**** Data excerpt ****

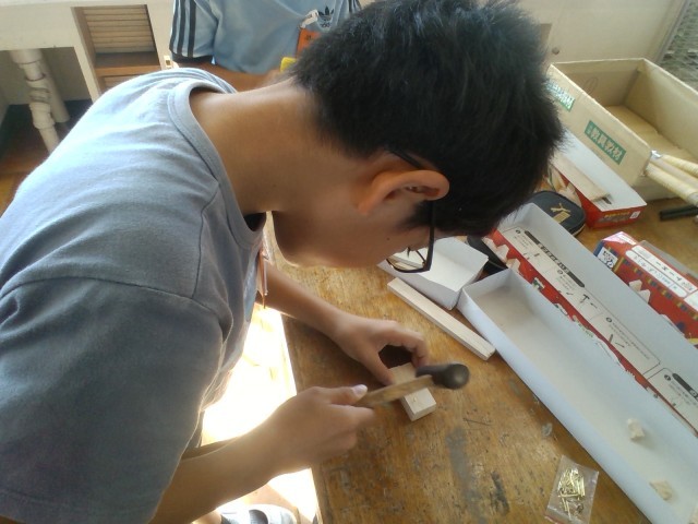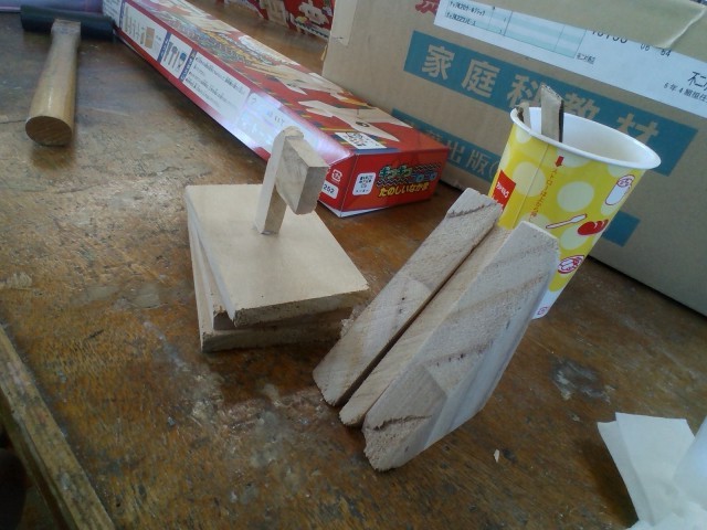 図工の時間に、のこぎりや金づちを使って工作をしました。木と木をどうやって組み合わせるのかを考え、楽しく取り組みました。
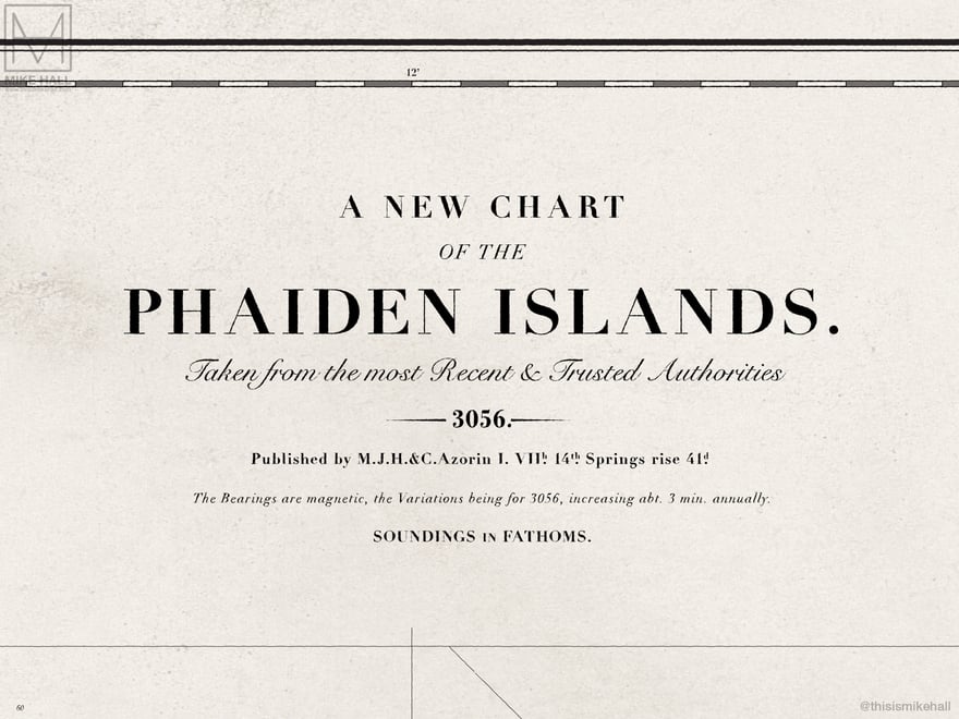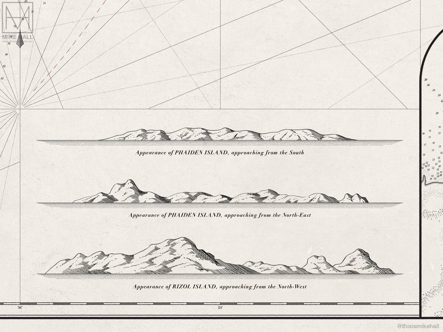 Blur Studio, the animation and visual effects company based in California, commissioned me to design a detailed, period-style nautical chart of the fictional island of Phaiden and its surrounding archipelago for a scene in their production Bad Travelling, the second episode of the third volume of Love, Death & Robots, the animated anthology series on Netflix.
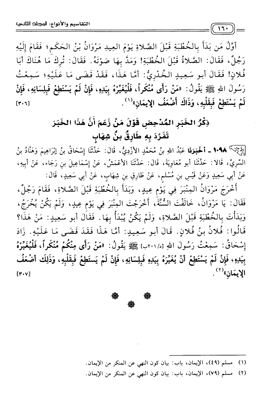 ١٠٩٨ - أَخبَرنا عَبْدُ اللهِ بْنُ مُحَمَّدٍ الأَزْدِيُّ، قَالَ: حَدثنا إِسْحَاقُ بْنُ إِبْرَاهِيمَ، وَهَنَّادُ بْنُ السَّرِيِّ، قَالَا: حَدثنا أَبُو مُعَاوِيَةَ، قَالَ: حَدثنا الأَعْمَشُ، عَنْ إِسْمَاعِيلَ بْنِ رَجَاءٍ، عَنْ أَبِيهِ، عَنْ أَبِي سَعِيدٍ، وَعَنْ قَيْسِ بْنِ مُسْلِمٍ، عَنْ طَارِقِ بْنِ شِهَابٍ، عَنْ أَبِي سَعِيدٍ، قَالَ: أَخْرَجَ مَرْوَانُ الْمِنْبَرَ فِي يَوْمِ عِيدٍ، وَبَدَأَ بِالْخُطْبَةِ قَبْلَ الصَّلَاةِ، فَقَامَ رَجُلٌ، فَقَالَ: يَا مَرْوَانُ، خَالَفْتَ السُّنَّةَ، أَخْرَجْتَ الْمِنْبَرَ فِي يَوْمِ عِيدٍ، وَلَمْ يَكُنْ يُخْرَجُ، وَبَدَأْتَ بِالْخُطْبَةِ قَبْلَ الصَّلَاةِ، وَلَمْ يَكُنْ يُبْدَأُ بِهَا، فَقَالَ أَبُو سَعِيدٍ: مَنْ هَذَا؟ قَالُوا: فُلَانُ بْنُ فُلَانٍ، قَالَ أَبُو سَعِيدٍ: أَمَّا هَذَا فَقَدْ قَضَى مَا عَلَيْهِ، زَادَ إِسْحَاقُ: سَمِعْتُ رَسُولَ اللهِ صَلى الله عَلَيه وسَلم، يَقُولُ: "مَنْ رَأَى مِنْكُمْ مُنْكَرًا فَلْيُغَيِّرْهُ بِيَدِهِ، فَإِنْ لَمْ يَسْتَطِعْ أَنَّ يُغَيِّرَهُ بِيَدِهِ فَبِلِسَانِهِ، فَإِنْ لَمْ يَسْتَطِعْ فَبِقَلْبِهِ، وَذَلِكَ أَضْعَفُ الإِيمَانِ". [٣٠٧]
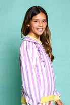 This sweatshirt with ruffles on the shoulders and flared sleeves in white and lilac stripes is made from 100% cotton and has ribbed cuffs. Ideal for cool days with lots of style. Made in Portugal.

****

Required action ::
Print the lines from the line containing "١٠٩٨ - أَخبَرنا" through the last line of the listing, exactly as they stand, and leave any pictures out.

Exercise result ::
 ١٠٩٨ - أَخبَرنا عَبْدُ اللهِ بْنُ مُحَمَّدٍ الأَزْدِيُّ، قَالَ: حَدثنا إِسْحَاقُ بْنُ إِبْرَاهِيمَ، وَهَنَّادُ بْنُ السَّرِيِّ، قَالَا: حَدثنا أَبُو مُعَاوِيَةَ، قَالَ: حَدثنا الأَعْمَشُ، عَنْ إِسْمَاعِيلَ بْنِ رَجَاءٍ، عَنْ أَبِيهِ، عَنْ أَبِي سَعِيدٍ، وَعَنْ قَيْسِ بْنِ مُسْلِمٍ، عَنْ طَارِقِ بْنِ شِهَابٍ، عَنْ أَبِي سَعِيدٍ، قَالَ: أَخْرَجَ مَرْوَانُ الْمِنْبَرَ فِي يَوْمِ عِيدٍ، وَبَدَأَ بِالْخُطْبَةِ قَبْلَ الصَّلَاةِ، فَقَامَ رَجُلٌ، فَقَالَ: يَا مَرْوَانُ، خَالَفْتَ السُّنَّةَ، أَخْرَجْتَ الْمِنْبَرَ فِي يَوْمِ عِيدٍ، وَلَمْ يَكُنْ يُخْرَجُ، وَبَدَأْتَ بِالْخُطْبَةِ قَبْلَ الصَّلَاةِ، وَلَمْ يَكُنْ يُبْدَأُ بِهَا، فَقَالَ أَبُو سَعِيدٍ: مَنْ هَذَا؟ قَالُوا: فُلَانُ بْنُ فُلَانٍ، قَالَ أَبُو سَعِيدٍ: أَمَّا هَذَا فَقَدْ قَضَى مَا عَلَيْهِ، زَادَ إِسْحَاقُ: سَمِعْتُ رَسُولَ اللهِ صَلى الله عَلَيه وسَلم، يَقُولُ: "مَنْ رَأَى مِنْكُمْ مُنْكَرًا فَلْيُغَيِّرْهُ بِيَدِهِ، فَإِنْ لَمْ يَسْتَطِعْ أَنَّ يُغَيِّرَهُ بِيَدِهِ فَبِلِسَانِهِ، فَإِنْ لَمْ يَسْتَطِعْ فَبِقَلْبِهِ، وَذَلِكَ أَضْعَفُ الإِيمَانِ". [٣٠٧]
 This sweatshirt with ruffles on the shoulders and flared sleeves in white and lilac stripes is made from 100% cotton and has ribbed cuffs. Ideal for cool days with lots of style. Made in Portugal.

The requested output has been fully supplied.